I am studying using code-based EF Migrations for a product that does not use EF. Everything works well, except that the command:
Add-Migration MyTestMigration
The following message is displayed:
An explicit migration cannot be created because the following explicit migrations are expected: [201206260845338_DannyTest]. Apply pending explicit migrations before attempting to generate a new explicit migration.
The reason for this is that the connection string is not known at build time, and EF accidentally created a database called "MyContextName". \ SQLExpress. I canβt apply the pending migration because it refers to database tables that are not in this database β we are just trying to use migrations as a way to execute our scripts;
So the questions are:
If we do not use automatic migrations (we have EnableAutomaticMigrations = false), why does Add-Migration require the database to be updated , although it absolutely did not affect the generated (empty) migration ? It's hard for me to believe that MS does not intend to use this use case when it works so hard; the only βbrokenβ thing is a check that does not affect any behavior.

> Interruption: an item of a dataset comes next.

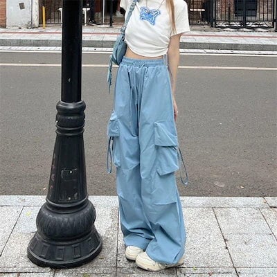 カーゴパンツ 夏 新作 ワイドパンツ Y23K カラー マルチポケット 流行り ストレート モップパンツ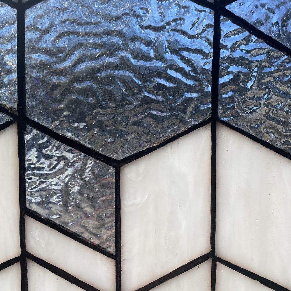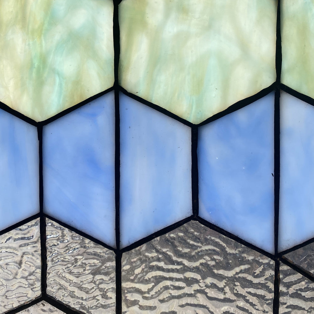 16.5"H Olivia Grey & Blue Cubes Stained Glass Window Panel

Is there a way around this other than creating our own Add-Migration team, which simply duplicates what EF does, but skips the (apparently unnecessary) updated version of DB? I tried passing various arguments, but still could not get it to work.
Edit:
Actually, I have found a better way to solve this problem, but actually this is not the answer to these questions, so adding it here. I hope you have time to turn this into a message
The only reason I wanted to use Add-Migration was because of all the guffs that came with DbMigration; but I realized that with the base class, we could basically eliminate the need for this if the base class automatically generated a migration identifier from the attribute. The goal is identical for all our migrations, since the state of the model does not change. Now we just manually create our migrations like this (the date is required to create the identifier for EF to apply them in the correct order):
[Migration(2012, 6, 27, 12, 00, "Add new xxx fields for yyy")] internal class MyNewMigration : MyDbMigration { public override Up() {
The MyDbMigration class has the properties Target / Source / Id. The target is hard-coded (the same value as the Add-Migration created with the first migration), Source is null, and Id is some reflection that reads MigrationAttribute. This means that now we can simply create these classes manually; that is not much effort, now we do not need to worry about all the materials of IMigrationMetadata :-)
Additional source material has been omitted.